*Data segment*.
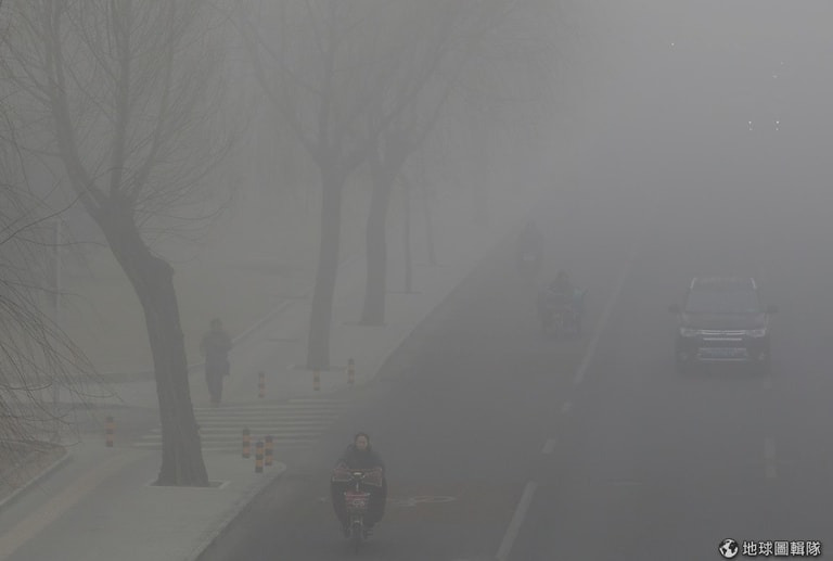 駕駛們行駛在北京的街頭上,嚴重的霧霾幾乎讓什麼都看不清楚。
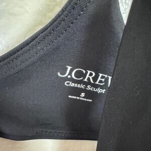 J.Crew Classic Sculpt Lana Bikini Top Women’s Size Small – Ci681, Black Colorway, Deep V-Neckline, Adjustable Shoulder Straps, Removable Soft Pads, Clean Pull-On Design, Sculpting Stretch Fabric, Supportive and Flattering Fit, Smooth Finish, Minimalist Styling, Ideal for Poolside Lounging, Beach Days, or Vacation Looks.
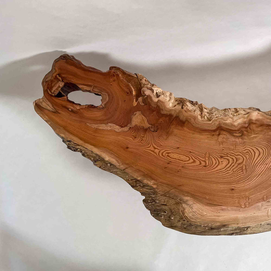 | 仕上がりの質感や印象にまで細やかに気を配り、使われる空間や暮らしを見据えた、やわらかな佇まいへと丁寧に仕上げる。 | 木が持つ節や皮、杢目の表情に寄り添い、その一つひとつを活かすことで、唯一無二の素材美を際立たせた一枚板づくりを行う。 | |
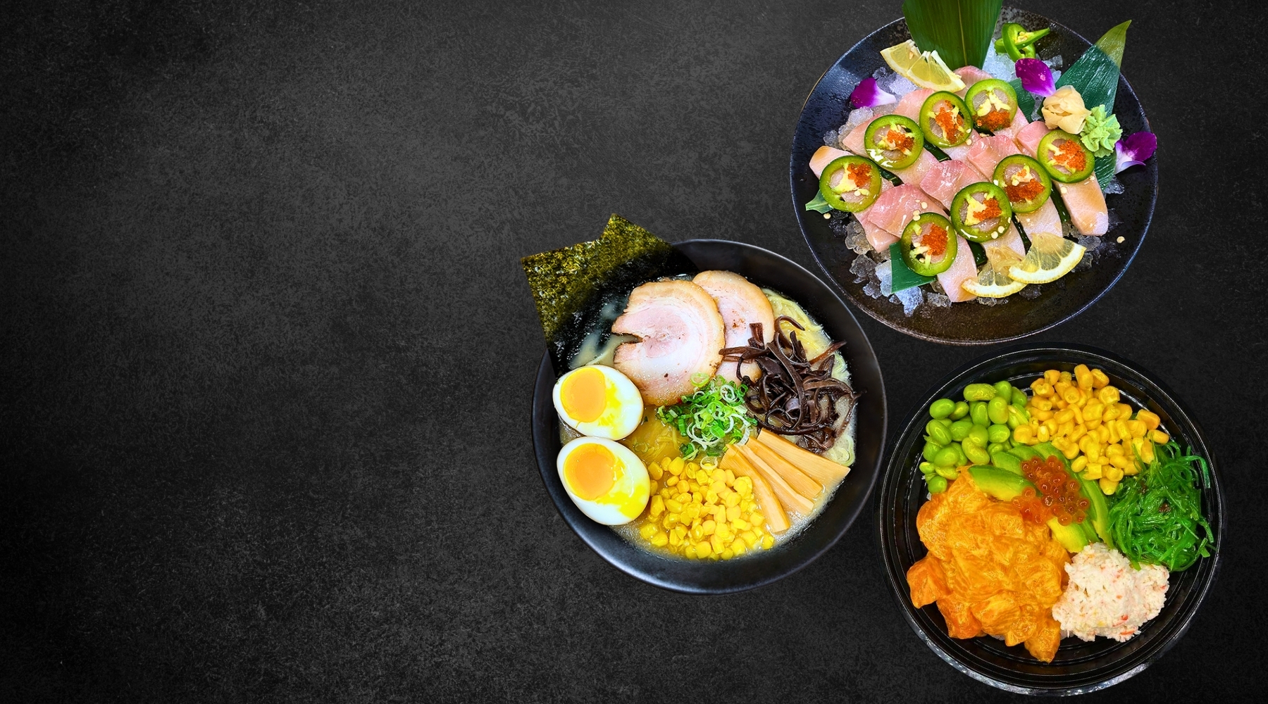세련된 공간에서 즐기는 정통 일식 스시. 시그니처 댄싱 드래곤 롤과 스파이시 연어 포케.

*What needs to be done*. Go through the listing and restate each line word for word, leaving out the pictures.

*Completed task*.
 駕駛們行駛在北京的街頭上,嚴重的霧霾幾乎讓什麼都看不清楚。
 J.Crew Classic Sculpt Lana Bikini Top Women’s Size Small – Ci681, Black Colorway, Deep V-Neckline, Adjustable Shoulder Straps, Removable Soft Pads, Clean Pull-On Design, Sculpting Stretch Fabric, Supportive and Flattering Fit, Smooth Finish, Minimalist Styling, Ideal for Poolside Lounging, Beach Days, or Vacation Looks.
 | 仕上がりの質感や印象にまで細やかに気を配り、使われる空間や暮らしを見据えた、やわらかな佇まいへと丁寧に仕上げる。 | 木が持つ節や皮、杢目の表情に寄り添い、その一つひとつを活かすことで、唯一無二の素材美を際立たせた一枚板づくりを行う。 | |
세련된 공간에서 즐기는 정통 일식 스시. 시그니처 댄싱 드래곤 롤과 스파이시 연어 포케.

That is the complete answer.